▶

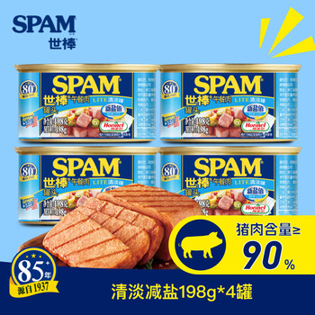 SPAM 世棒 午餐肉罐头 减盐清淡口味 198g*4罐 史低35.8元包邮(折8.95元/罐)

◀
▶

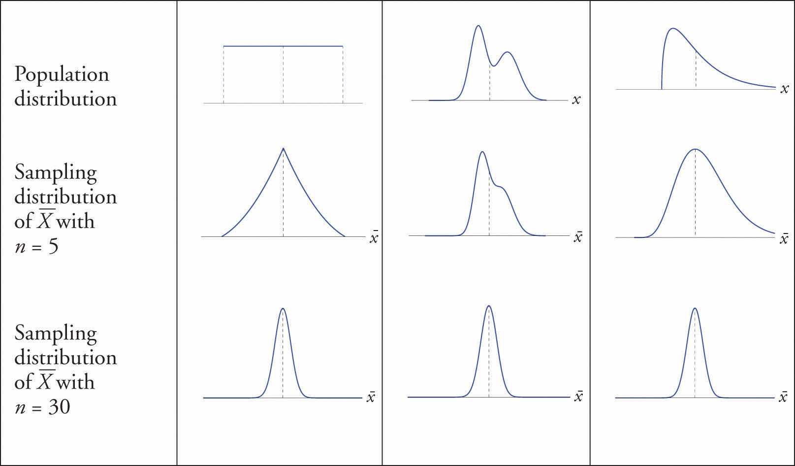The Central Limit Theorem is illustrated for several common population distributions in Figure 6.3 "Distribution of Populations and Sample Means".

◀
▶

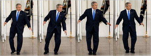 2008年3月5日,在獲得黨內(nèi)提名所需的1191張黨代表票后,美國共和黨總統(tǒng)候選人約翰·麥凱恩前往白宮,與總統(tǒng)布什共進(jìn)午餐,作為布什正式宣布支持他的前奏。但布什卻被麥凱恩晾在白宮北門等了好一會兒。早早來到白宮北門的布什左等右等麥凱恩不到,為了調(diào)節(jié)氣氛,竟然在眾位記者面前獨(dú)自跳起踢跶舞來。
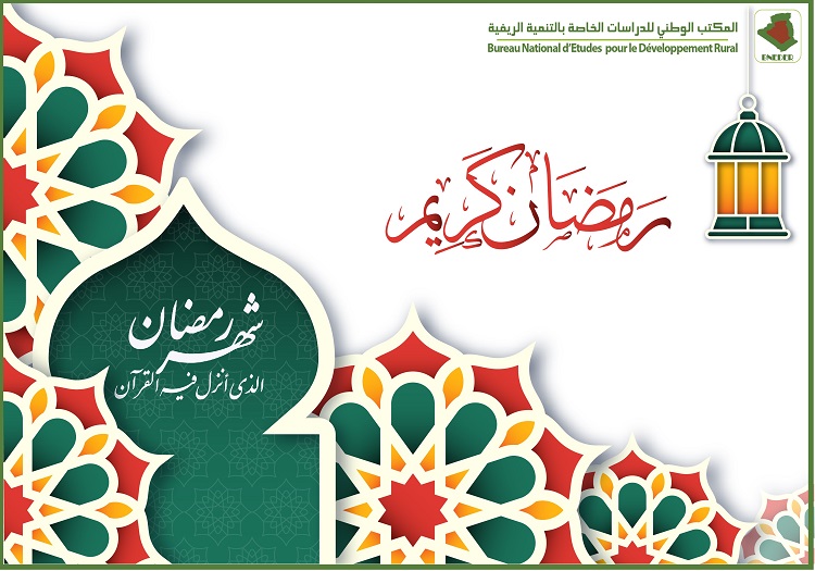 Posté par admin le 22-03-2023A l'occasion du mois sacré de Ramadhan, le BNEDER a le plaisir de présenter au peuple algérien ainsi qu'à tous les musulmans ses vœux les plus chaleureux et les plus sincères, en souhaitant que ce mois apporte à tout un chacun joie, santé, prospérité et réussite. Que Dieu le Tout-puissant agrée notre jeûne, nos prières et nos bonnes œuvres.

◀

Work to complete:
Above are some records. Reproduce the lines from the one with "2008年3月5日,在獲得黨" down to the one with "Posté par admin", keeping both, and leave every picture out.

Exercise output:
 2008年3月5日,在獲得黨內(nèi)提名所需的1191張黨代表票后,美國共和黨總統(tǒng)候選人約翰·麥凱恩前往白宮,與總統(tǒng)布什共進(jìn)午餐,作為布什正式宣布支持他的前奏。但布什卻被麥凱恩晾在白宮北門等了好一會兒。早早來到白宮北門的布什左等右等麥凱恩不到,為了調(diào)節(jié)氣氛,竟然在眾位記者面前獨(dú)自跳起踢跶舞來。
 Posté par admin le 22-03-2023A l'occasion du mois sacré de Ramadhan, le BNEDER a le plaisir de présenter au peuple algérien ainsi qu'à tous les musulmans ses vœux les plus chaleureux et les plus sincères, en souhaitant que ce mois apporte à tout un chacun joie, santé, prospérité et réussite. Que Dieu le Tout-puissant agrée notre jeûne, nos prières et nos bonnes œuvres.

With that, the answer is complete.